Monday, November 14, 2005

Everything I Know I Learned from Harry Flashman

Well, perhaps not everything; Flash Harry hadn't much to say on the matter of modulation to the relative major in the bridge, and anything he might have bothered to teach me about user-interface design would probably have been a trifle vieux jeux. What's more, forty years of feminist indoctrination have expunged the Flashmanic from my seduction technique. But it's a rock-bottom guarantee that my knowledge of Victorian history, culture, diction, mores, politics (sexual and otherwise) and military life, while not encyclopedic by any stretch, would have remained as sparse as they were in 1982 when I read my first Flashman -- Flashman and the Redskins, as it happened -- and became a lifelong devotee.

I know that, absent George MacDonald Frasier's idol-busting, feet-of-clay needling of the Great Man approach to history, I'd never have been moved to read Lytton Strachey's Eminent Victorians, Kipling, or the more "serious" books I devoured about the destruction of the British Army at Gandamack, the Siege of Cawnpore during the Sepoy Mutiny, the Charge of the Light Brigade, Little Big Horn, Harpers Ferry. Flashman's unlikely and hilariously reluctant presence at these epochal events both reduce them to comic backdrops and simultaneously magnify them into impossibly momentous, history-changing, but above all real things.

I could be a tour guide at Harpers Ferry, a few miles over the mountain from here, based only on the indescribably vivid -- and grimly funny -- setting forth of the events in Flashman and the Angel of the Lord. We visited the Kennedy Farm where John Brown prepared his lunatic raid, an impossibly tiny place; I walked around thinking Flashy said this here, and Brown was standing there when he said that to him.... Mindbogglingly present, it was.

Hell -- look over there at the John Mobberly Story in the right column: When I discovered Mobberly earlier this year, found that he'd operated a Civil War guerrilla operation on what I've come to think of as my mountain, my first attempt at parsing his character, at making him real, if you like, was to gauge how well Mobberly would perform as a Flashman character. Answer: very well indeed, of course. Insanely bold and foolhardy raid on a Federal camp, Flashy as reluctant participant, his bowels dissolving in fear. Perfect. He escapes by betraying Mobberly's plans to a passing Phil Sheridan, on his way to Washington to tell the President that Our American Cousin is a lousy play, which Lincoln refuses to believe because of Flashy's presence.

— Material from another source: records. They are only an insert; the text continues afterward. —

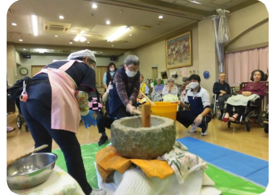
たくさんの方におもちをついていただきました！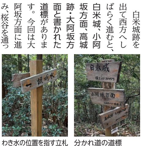
わかき水の位置を指す立札 分かれ道の道標

白米城跡を出て西方へしばらく進むと、白米城、小阿坂方面、高城跡・大阿坂方面と書かれた道標があります。今回は大阿坂方面に進み、桜谷を通って下山します。すぐそばに立札がある「銀明水」は、下の谷にあるわき水を示しているようで、「季節によって少し水が湧く程度です。神明水の伝承もありますが、今は分からなくなっています」とのこと。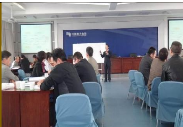
云南曲靖市供电公司 《打造创新型管理技能和领导力》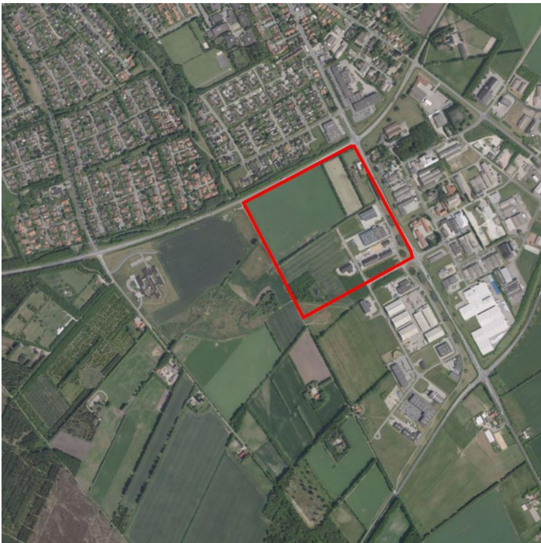
Kommuneplantillæggets afgrænsning er vist med den røde linje

Det udpegede område, der ligger ved Jeppe Skovgaards Vej i Varde Syd, udgør et areal på ca. 20 ha. og omfatter matrikel nr. 16c, 18ab, 18k, 18m, 18x, 18y, 18z, 18æ, 18ø og 28y Varde Markjorder samt en del af matrikel nr. 18c og 7000hu Varde Markjorder.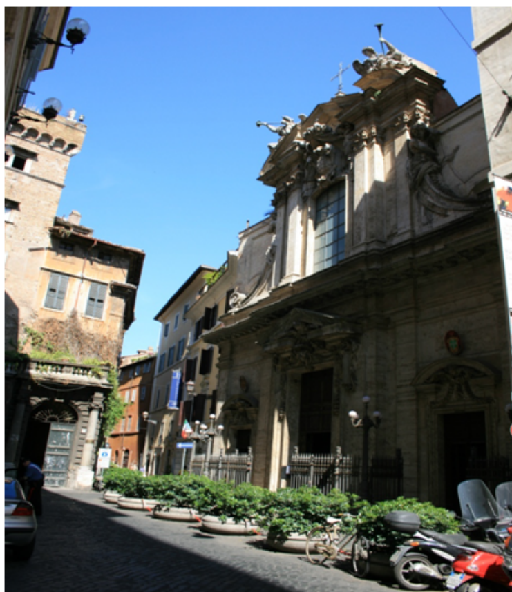
Fachada da igreja de Santo António dos Portugueses em Roma

O templo atual foi reconstruído por fases entre 1638 e 1695. Quando Vieira pregou, já aquela capela do transepto, no lado direito, estava dedicada à Rainha Santa, mas o painel que ilustrava o fundo do altar não era o que lá se encontra hoje; tinha outro, que representava o milagre das rosas. O painel atual representa a rainha como mediadora de paz entre o rei seu marido e o filho D. Afonso e foi pintado em 1801. Na segunda metade do século passado acrescentaram à iconografia do altar uma imagem de Nossa Senhora de Fátima em primeiro plano, mais adequada à nova devoção popular portuguesa e símbolo da maior exportação cultural do país. No tecto da igreja encontra-se um grande painel re-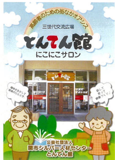
「とんてん館」を紹介するパンフ （→伝統産業の打刃の音から命名）

[Digression: I know I've let the Mobberly research lapse, but I promise a Major Breakthrough directly. Treasure trove imminent.]

So it was with squeaky joy that I turned over the Harper's that came in today's mail to find an advert for Flashman on the March, the twelfth installation in the series, which began in 1969. Honestly, I'd almost given up hope of a new one, as Frasier is in his eightieth year and Flashmans have become farther apart and (it must be admitted) less robust in the last decade. But here it is, and I'm ecstatic. Frasier's immersed Flashy in the events in Abyssinia in 1868. (Oh, surely you remember! Mad King Theodore of Abyssinia! He took umbrage at a snub from Queen Victoria, and captured a few hundred foreigners who had to be rescued!) Amazon.com reveals grumblings among the hidebound crowd who make a fetish of Flashman's cheerful Colonialist chauvinism, who perceive in the choice of events veiled criticism of the Disastrous Iraq Adventure, but I say anything that makes them uncomforable can only be a good thing.

Expect, then, along about Birthday Time (coming up soon, thanks for asking!) for Flash Neddie to appear in full fig on the Boulevard, back from Afghanistan, covered in laurels and Queen Vickie's blushing encomiums to his bravery (utterly undeserved, of course), his tile on three hairs, his pocket jingling with Dost Muhammad's shilling as, the lecherous twinkle in his eye betraying his true intent, he ducks down a side street to the place of business of that wicked-looking little black-haired piece with a turned-up nose and a saucy smile, always ready for a rogering....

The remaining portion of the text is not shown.